Les circonstances entourant l’arrestation et l’inculpation de hauts dirigeants de loukos
- Auteur(s) :
- Assemblée parlementaire
- Origine
- Discussion par l’Assemblée le 25 janvier 2005 (3e séance) (voir Doc. 10368, rapport de la commission des questions juridiques et des droits de l’homme, rapporteuse : Mme Leutheusser-Schnarrenberger). Texte adopté par l’Assemblée le 25 janvier 2005 (3e séance).
- Thesaurus
1. L’Assemblée parlementaire, réaffirmant son engagement en faveur de l’Etat de droit, qu’elle considère comme l’une des valeurs fondamentales du Conseil de l’Europe, est préoccupée par les lacunes du processus judiciaire en Fédération de Russie révélées par les affaires de plusieurs anciens dirigeants de Ioukos.

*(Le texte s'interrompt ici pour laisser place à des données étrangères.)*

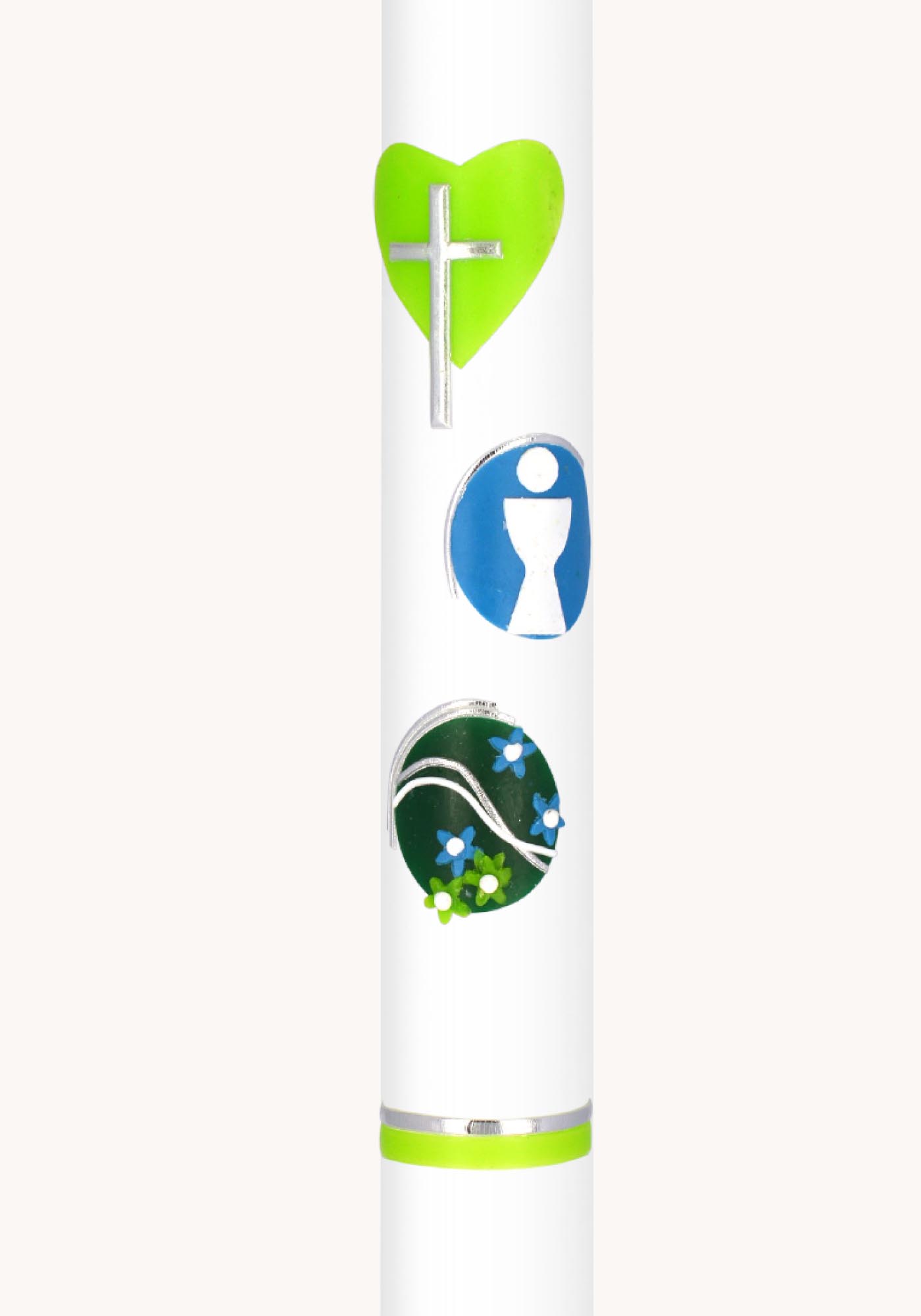 Kommunionkerze Motiv "Bunte Wachssymbole - Herz, Kelch, Blüten" soll das Kommunionkind ein Leben lang begleiten.

2. La prééminence du droit ne va pas sans un fonctionnement impartial et objectif des tribunaux et des procureurs, qui doivent être libres de toute influence indue exercée par d’autres pouvoirs au sein de l’Etat, ni sans le strict respect des dispositions de procédure garantissant les droits de l’accusé.
3. L’Etat de droit passe par l’égalité de tous devant la loi, indépendamment de la richesse ou de la puissance de chacun.
4. Le droit à un procès équitable, tel que garanti par l’article 6 de la Convention européenne des Droits de l’Homme (CEDH), inclut le droit à une audience équitable et publique par un tribunal indépendant et impartial établi par la loi, la présomption d’innocence ainsi que le temps et les moyens suffisants à la préparation de la défense. Un procès équitable requiert le respect des droits de la défense, du lien privilégié avocat-client, et de l’égalité des armes pour la défense et l’accusation.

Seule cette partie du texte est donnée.